I share my story because I learned a lot about myself in this process, and there might be something in those lessons that could help you too.

Lesson #1: For me, food tracking is triggering. There is evidence that some people who track eating (or fitness) are at higher risk for fixating on their diets and restricting their intake–yet other research doesn’t find this. In other words, it’s individual. I know that logging what I eat makes me preoccupied with food, and that isn’t healthy.

Lesson #2: For me, low-carb eating is miserable. The longer I’m a dietitian, the more I believe that different ways of eating work for different people. One person’s perfect plan is another one’s exercise in deprivation and denial. Some people thrive on a mostly meat-and-veggies diet. But so many of my favorite foods are rich in carbohydrates, from berries and oatmeal to pasta and cookies. I don’t want to live in a world where I can only have those foods on “cheat days”. (I don’t want to live in a world where I have to “cheat” at all.)

Lesson #3: For me, no jeans are worth it. Walking around in my goal jeans utterly desperate for an apple was an all-time low, and one I never want to repeat. Following this experience, I decided it was the last “diet” I’d ever go on, the last time I’d make changes that feel extreme to me.

I’m sure I’ll continue to adjust what and how I eat, as I figure out what feels best as I get older. But being in larger pants, able to eat foods I enjoy and not fixate on the grams of carbohydrate in an apple or piece of cake, is a trade-off I’m 100 percent willing to make. 

That said, I recognize that my goals were only aesthetic. I wasn’t trying to wean myself off diabetes medication or lower my blood pressure. I understand that some people may have health-related reasons for making changes to what they eat, and I respect that.

My message for you

This was my experience. Yours may be different. Nobody is the same. It’s okay if something works well for you and not for me. It’s okay if something feels right to your best friend but awful to you. There’s nothing wrong with you if your experience is different from someone else’s.

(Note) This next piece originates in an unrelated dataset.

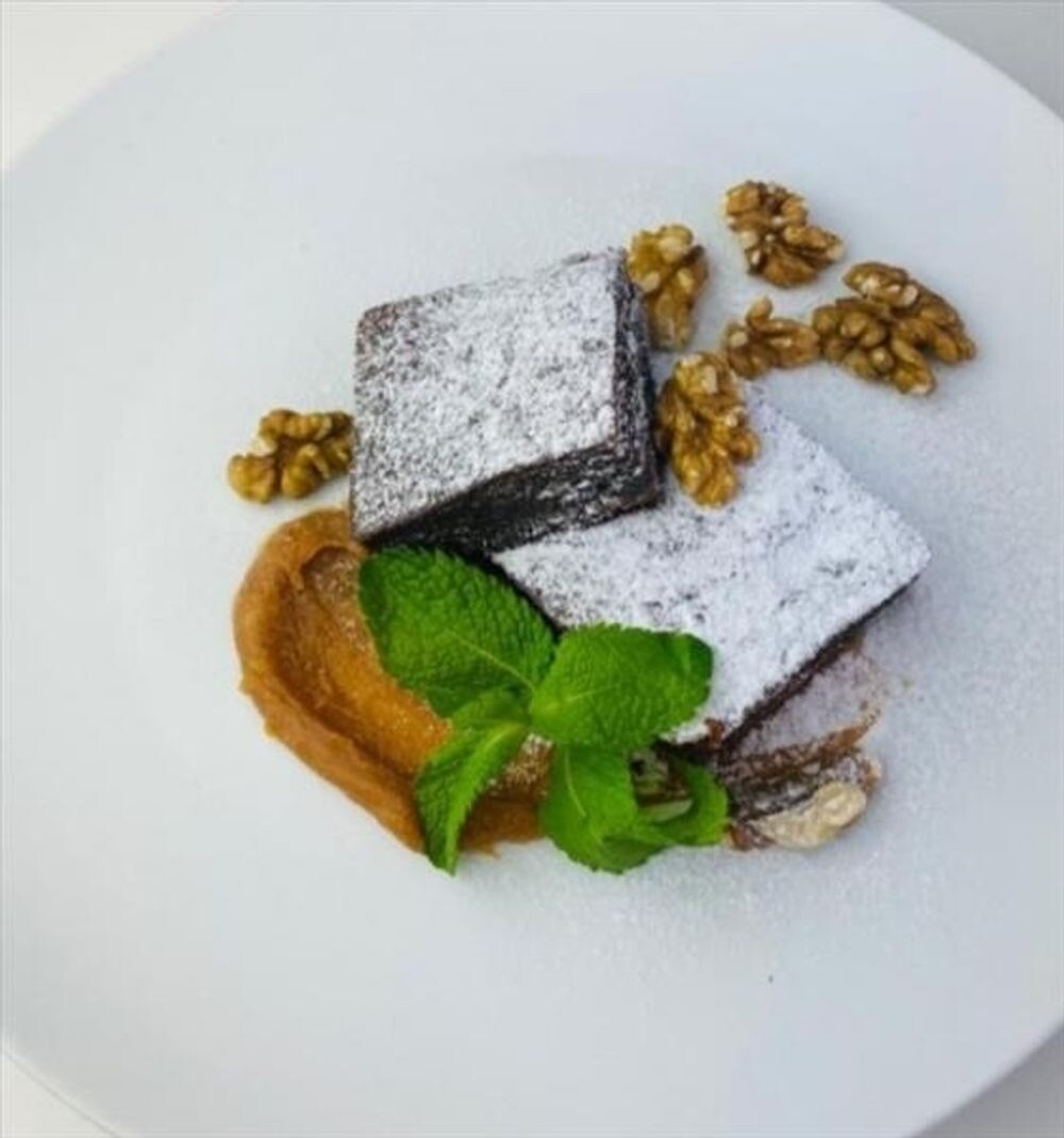 Пирожное собственного приготовления с ярким и насыщенным шоколадным вкусом: шоколадный бисквит, соленая карамель, грецкий орех, мята

It’s also okay to bail on something you thought might be helpful but turns out to be harmful to your mental or physical health.

My approach has always been to share what works (and doesn’t) for me and my family, so you can make the decisions that feel good for you.

But I will tell you this: Be kind to yourself. That includes being kind to your body. Eating when you’re hungry is kind. Nourishing yourself so you have energy is kind. Enjoying your food is being kind. Starving yourself is not.